*Goal of the exercise*
A word-for-word copy of the data, with no images, is the required answer.

*Supplied material*

.....

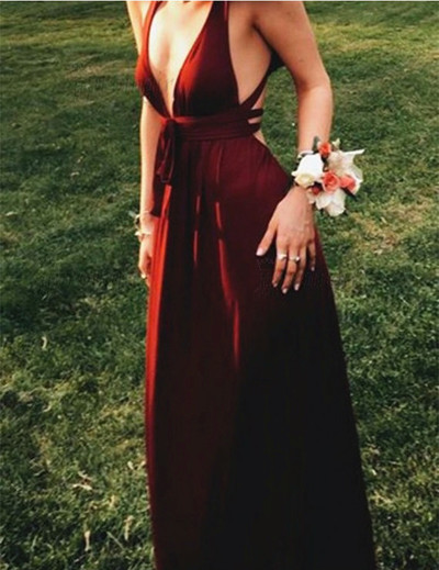 A Line Deep V Neck Backless Maroon Prom Dress, Maroon Backless Formal Dress, Backless Evening Dress,SB2256
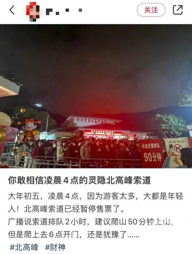 网友“米秋米秋”凌晨3点到北高峰山脚下,准备走游步道爬山上财神庙,现场已经人山人海。
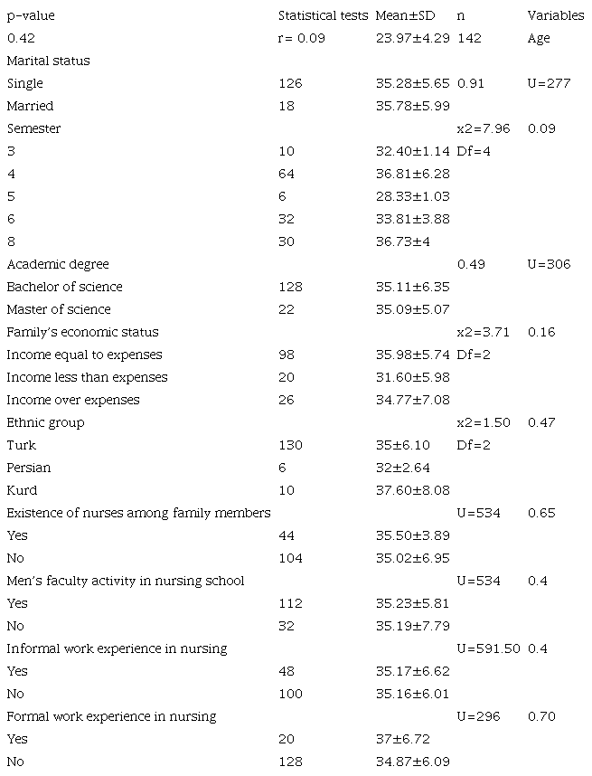 Data analysis. After all, the data were entered into the SPSS statistical software, version 16. The descriptive variables were analyzed using descriptive (frequency, mean, Standard Deviation -SD). The mean and SD were calculated for the total scale score and for each item the median, minimum, and maximum values were calculated according to Sullivan and Artino's recommendation for the interpretation of Likert-type scale data.18 For inferential analysis, Kruskal-Wallis and Mann-Whitney tests and Pearson’s correlation coefficient were used.
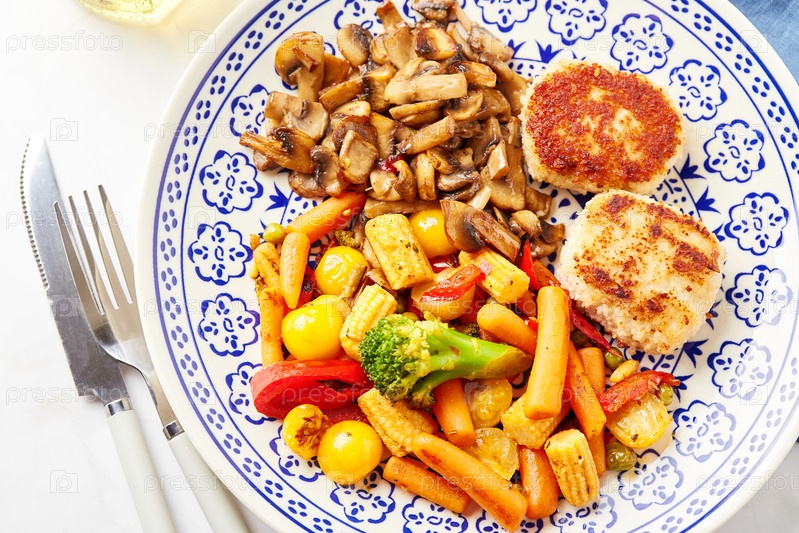 Тарелка жареных овощей, морковь, брокколи, кукуруза для детей, перцовый перец, жареное шампанское и два куриных шарика

.....

*Answer to this task*
 A Line Deep V Neck Backless Maroon Prom Dress, Maroon Backless Formal Dress, Backless Evening Dress,SB2256
 网友“米秋米秋”凌晨3点到北高峰山脚下,准备走游步道爬山上财神庙,现场已经人山人海。
 Data analysis. After all, the data were entered into the SPSS statistical software, version 16. The descriptive variables were analyzed using descriptive (frequency, mean, Standard Deviation -SD). The mean and SD were calculated for the total scale score and for each item the median, minimum, and maximum values were calculated according to Sullivan and Artino's recommendation for the interpretation of Likert-type scale data.18 For inferential analysis, Kruskal-Wallis and Mann-Whitney tests and Pearson’s correlation coefficient were used.
 Тарелка жареных овощей, морковь, брокколи, кукуруза для детей, перцовый перец, жареное шампанское и два куриных шарика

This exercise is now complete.